Stored data:
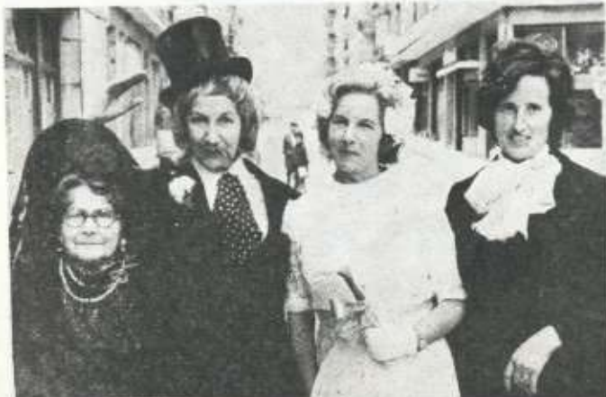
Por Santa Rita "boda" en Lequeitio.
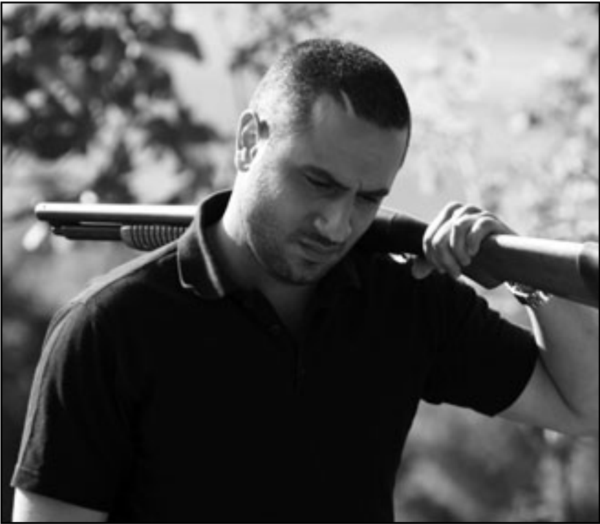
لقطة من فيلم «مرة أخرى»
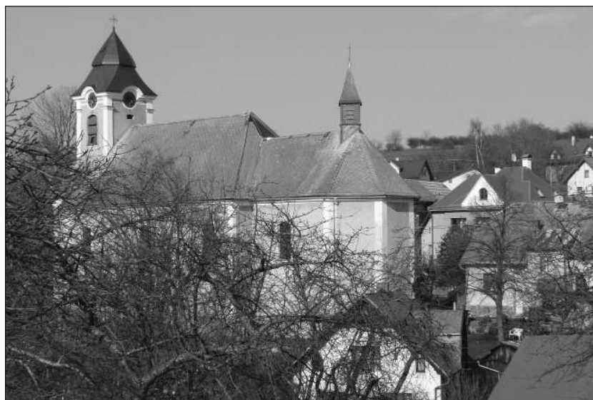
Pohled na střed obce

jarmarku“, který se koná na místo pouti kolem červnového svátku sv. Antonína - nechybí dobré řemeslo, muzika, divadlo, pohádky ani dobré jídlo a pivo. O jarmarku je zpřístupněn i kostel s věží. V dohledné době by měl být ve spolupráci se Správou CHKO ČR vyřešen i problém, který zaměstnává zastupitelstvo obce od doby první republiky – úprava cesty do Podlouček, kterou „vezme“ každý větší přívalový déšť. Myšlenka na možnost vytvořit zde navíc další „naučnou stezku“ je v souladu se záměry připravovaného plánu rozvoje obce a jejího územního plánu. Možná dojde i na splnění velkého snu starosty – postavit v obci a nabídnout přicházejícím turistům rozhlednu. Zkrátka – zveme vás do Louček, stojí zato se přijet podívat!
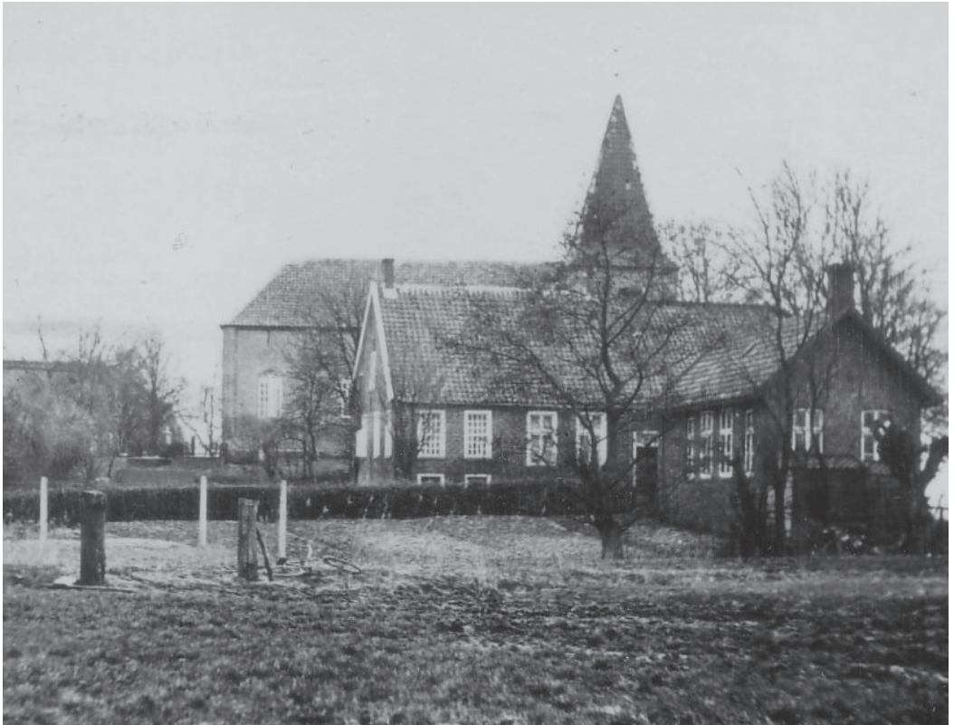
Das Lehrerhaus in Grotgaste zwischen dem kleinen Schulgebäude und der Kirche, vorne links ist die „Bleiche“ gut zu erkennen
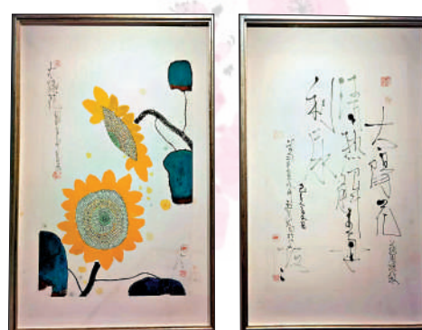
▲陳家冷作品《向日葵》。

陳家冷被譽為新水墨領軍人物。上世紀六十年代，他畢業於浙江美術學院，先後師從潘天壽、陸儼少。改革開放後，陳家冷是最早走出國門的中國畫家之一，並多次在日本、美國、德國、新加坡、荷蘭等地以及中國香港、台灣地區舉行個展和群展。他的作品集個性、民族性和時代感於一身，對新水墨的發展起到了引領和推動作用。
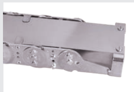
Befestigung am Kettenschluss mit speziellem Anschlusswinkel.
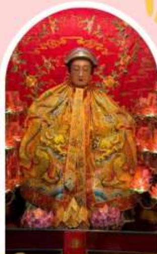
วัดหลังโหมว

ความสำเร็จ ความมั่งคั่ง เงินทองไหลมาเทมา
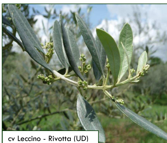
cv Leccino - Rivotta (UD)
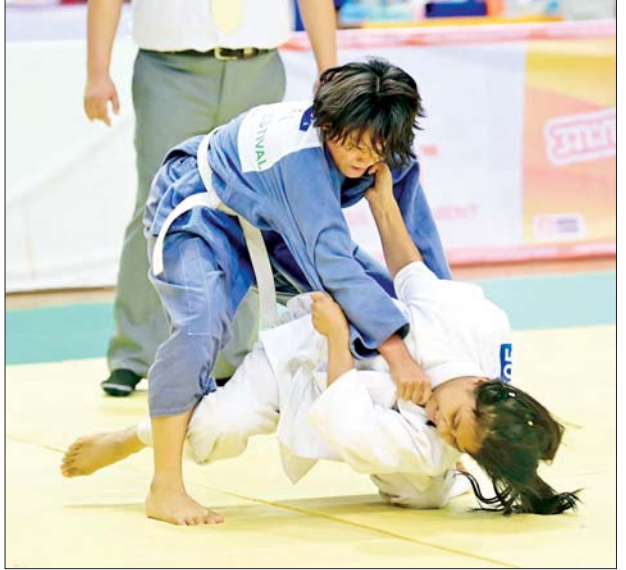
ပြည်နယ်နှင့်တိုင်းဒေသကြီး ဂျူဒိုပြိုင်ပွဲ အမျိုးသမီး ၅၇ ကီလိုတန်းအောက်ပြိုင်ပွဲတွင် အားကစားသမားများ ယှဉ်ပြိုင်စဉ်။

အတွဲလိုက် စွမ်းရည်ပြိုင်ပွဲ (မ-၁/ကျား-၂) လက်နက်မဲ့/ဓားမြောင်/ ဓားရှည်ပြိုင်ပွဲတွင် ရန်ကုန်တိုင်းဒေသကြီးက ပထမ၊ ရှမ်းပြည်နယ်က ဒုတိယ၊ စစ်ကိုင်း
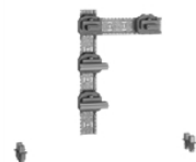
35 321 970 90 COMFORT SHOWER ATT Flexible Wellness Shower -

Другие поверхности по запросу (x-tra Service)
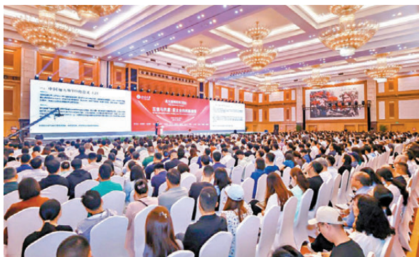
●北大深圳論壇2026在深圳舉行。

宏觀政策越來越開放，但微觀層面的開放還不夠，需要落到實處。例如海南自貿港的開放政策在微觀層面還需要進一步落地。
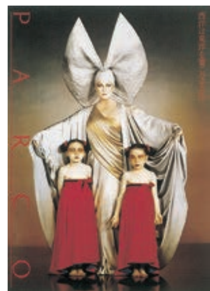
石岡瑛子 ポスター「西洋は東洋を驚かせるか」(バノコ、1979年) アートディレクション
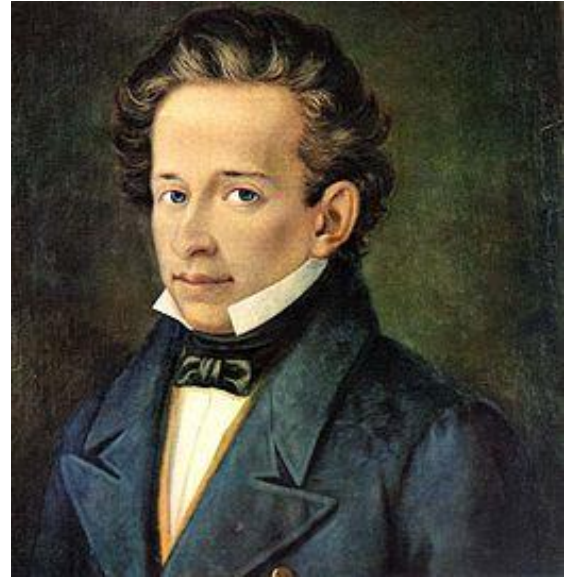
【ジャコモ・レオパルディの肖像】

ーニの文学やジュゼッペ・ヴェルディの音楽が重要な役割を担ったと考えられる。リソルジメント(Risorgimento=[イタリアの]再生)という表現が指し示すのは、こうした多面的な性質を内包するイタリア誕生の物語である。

> **What this task involves**:
Every line above from the one with "لقطة من فيلم" down to the one with "cv Leccino - Rivotta (UD)" must be written out exactly, and no picture may appear.

> **Answer to this task**:
لقطة من فيلم «مرة أخرى»
Pohled na střed obce

jarmarku“, který se koná na místo pouti kolem červnového svátku sv. Antonína - nechybí dobré řemeslo, muzika, divadlo, pohádky ani dobré jídlo a pivo. O jarmarku je zpřístupněn i kostel s věží. V dohledné době by měl být ve spolupráci se Správou CHKO ČR vyřešen i problém, který zaměstnává zastupitelstvo obce od doby první republiky – úprava cesty do Podlouček, kterou „vezme“ každý větší přívalový déšť. Myšlenka na možnost vytvořit zde navíc další „naučnou stezku“ je v souladu se záměry připravovaného plánu rozvoje obce a jejího územního plánu. Možná dojde i na splnění velkého snu starosty – postavit v obci a nabídnout přicházejícím turistům rozhlednu. Zkrátka – zveme vás do Louček, stojí zato se přijet podívat!
Das Lehrerhaus in Grotgaste zwischen dem kleinen Schulgebäude und der Kirche, vorne links ist die „Bleiche“ gut zu erkennen
▲陳家冷作品《向日葵》。

陳家冷被譽為新水墨領軍人物。上世紀六十年代，他畢業於浙江美術學院，先後師從潘天壽、陸儼少。改革開放後，陳家冷是最早走出國門的中國畫家之一，並多次在日本、美國、德國、新加坡、荷蘭等地以及中國香港、台灣地區舉行個展和群展。他的作品集個性、民族性和時代感於一身，對新水墨的發展起到了引領和推動作用。
Befestigung am Kettenschluss mit speziellem Anschlusswinkel.
วัดหลังโหมว

ความสำเร็จ ความมั่งคั่ง เงินทองไหลมาเทมา
cv Leccino - Rivotta (UD)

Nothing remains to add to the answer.